So what happened, if I might ask?
Sorry, I should have known people would want to know

1. "Just riding along" on an old mountain bike, on flat, sealed road, when ka-blam. A jockey wheel dropped out and was never seen again. Probably the screw that holds it in got loose and fell out. (Managed to hitch hike back into town where a bike shop was improbably open on Easter Sunday)
2. Riding off road along 4WD tracks, hit a small twig which broke the derailleur hanger. (Come to think of it, the derailleur itself was probably ok. We turned around and rolled all the way back downhill to our starting point, with a bit of towing for good measure, then bailed out. I carry a spare hanger now.)
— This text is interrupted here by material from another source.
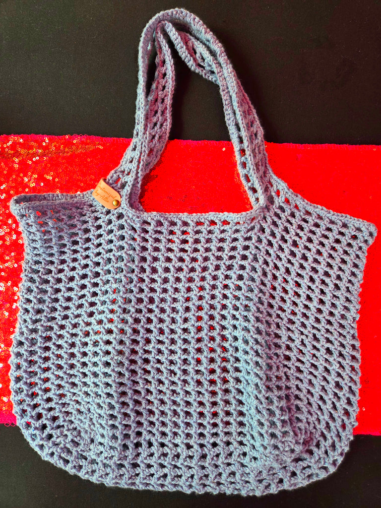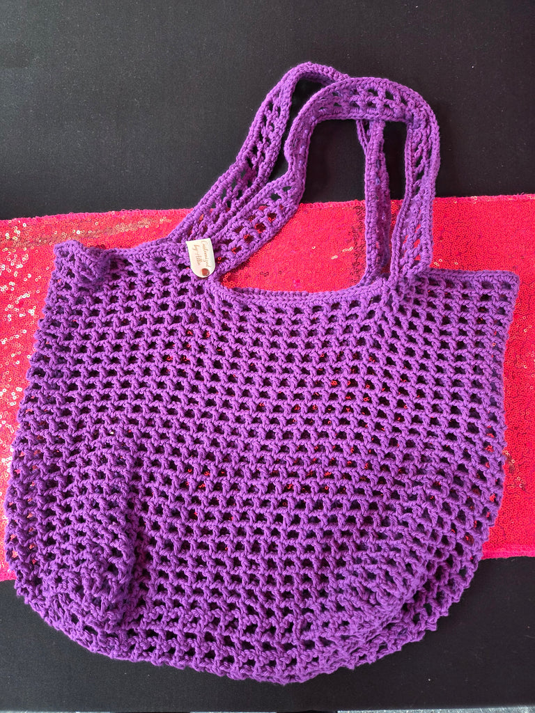 Handmade with love, these colorful crocheted tote bags are the perfect blend of style and functionality. Tote bag is made of 100% cotton yarn. The bag will stretch as you put your items in but will return to its original shape when empty. Machine wash and dry to keep clean.
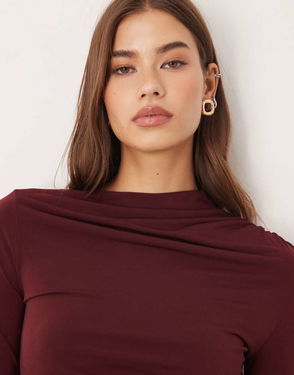 Satin High Neck Sleeveless Blouse In Burgundy

3. Pushing along a sandy 4WD track, he hit "something" which both smashed his derailleur to bits, and cracked a bolt that holds his wheel on. (It's some weird skewer-less arrangement.)
4. Riding down a rail trail covered with a lot of twigs and branches. Not sure what happened exactly but the chain broke and the derailleur ended up badly bent, with a couple of jockey wheel teeth snapped or bent. Probably she hit a branch. (We were two different groups intending to meet up in one place, but altered our plans to meet up, fix her bike and ride out together.)

I agree that on sealed roads it's incredibly rare. But sealed roads are boring.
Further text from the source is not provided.